Fiskaa Verk
- Company type: Industrial plant
- Industry: Metallurgy
- Founded: 1917
- Headquarters: Kristiansand, Norway
- Products: Ferroalloys, carbon electrodes, silicon
- Owner: Elkem

= Fiskaa Verk =

Norwegian metallurgical plant in Kristiansand

Fiskaa Verk is an industrial plant in Kristiansand, Norway, established in 1917 when Elkem took over operations from Kristiansand Elektrokemiske A/S. Activity on the site had begun in 1907 under the German company BASF, producing artificial fertilizer, but when Elkem took over it ended fertilizer production and concentrated on the electric smelting of various materials. The plant was the site of important research: the Søderberg electrode, a self-baking continuous electrode that significantly increased capacity in the smelting industry, was first demonstrated at Fiskaa Verk in 1919.
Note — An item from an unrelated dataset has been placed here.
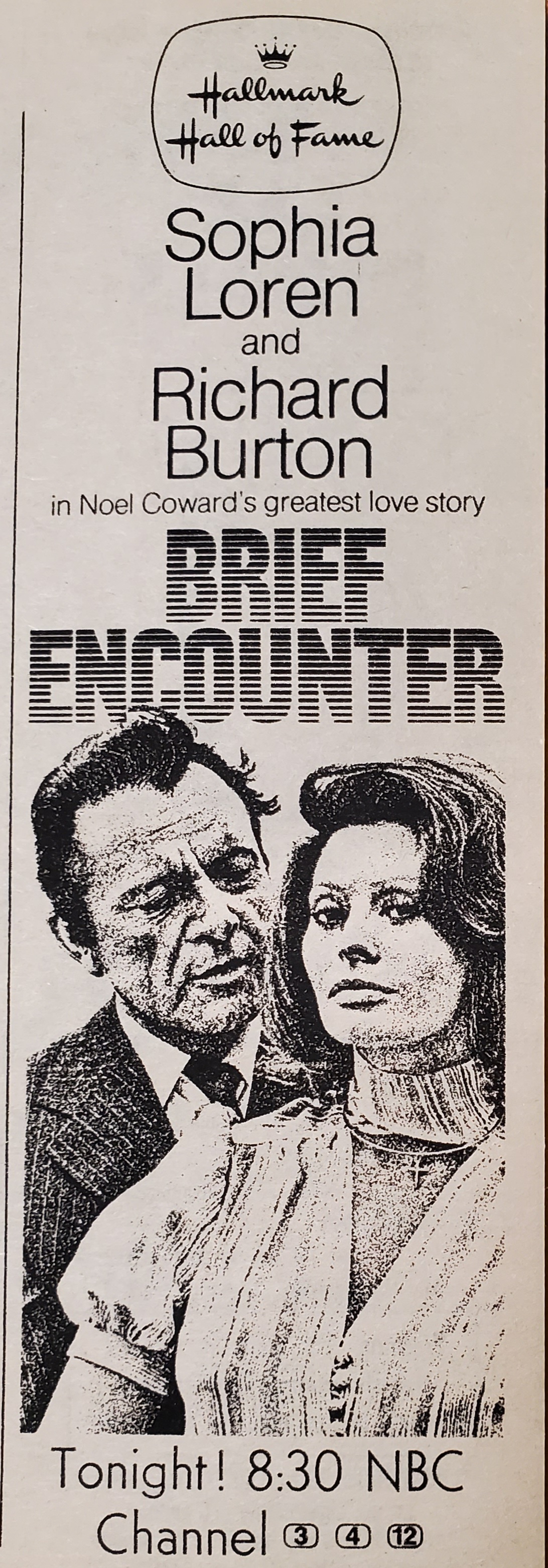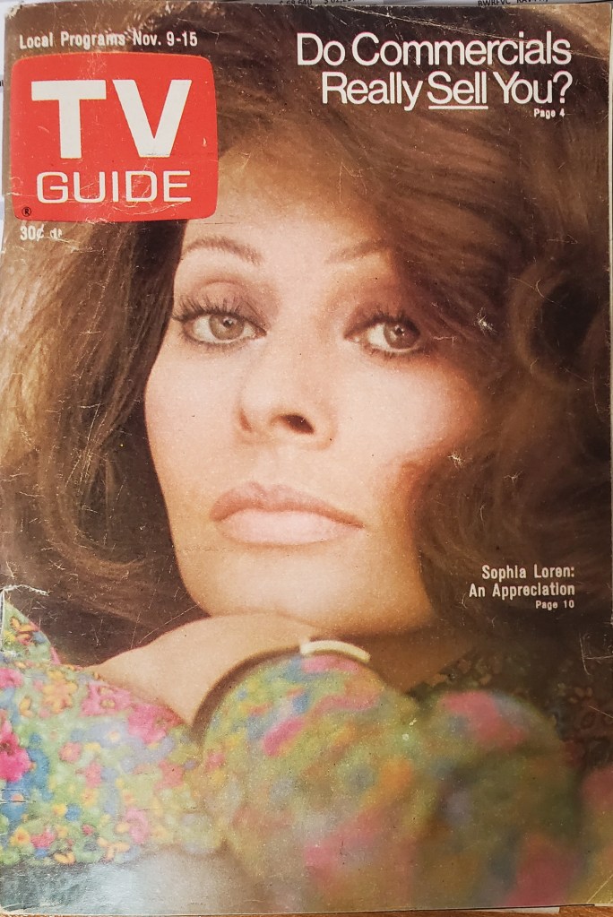 The Guide I selected for now is dated November 9th through to the 15th of 1974 and featured none other than Screen Legend, Sophia Loren, on the cover. Inside is an article devoted to her appearing in an updated version of Noel Coward’s Brief Encounter opposite Richard Burton. The article only reinforced my love of Miss Loren and how she has handled herself over a decades long career.

In its later history the plant produced ferroalloys, and Elkem developed a bag filter there that greatly reduced emissions from smelting works around the world. From 2009 the site also produced high-purity silicon for solar cells, though that operation, by then part of REC Solar Norway, was closed in 2023 amid high energy prices and global overproduction. Elkem's other operations at Fiskaa continue, including Elkem Carbon, the "old" Fiskaa Verk, which produces carbon electrodes.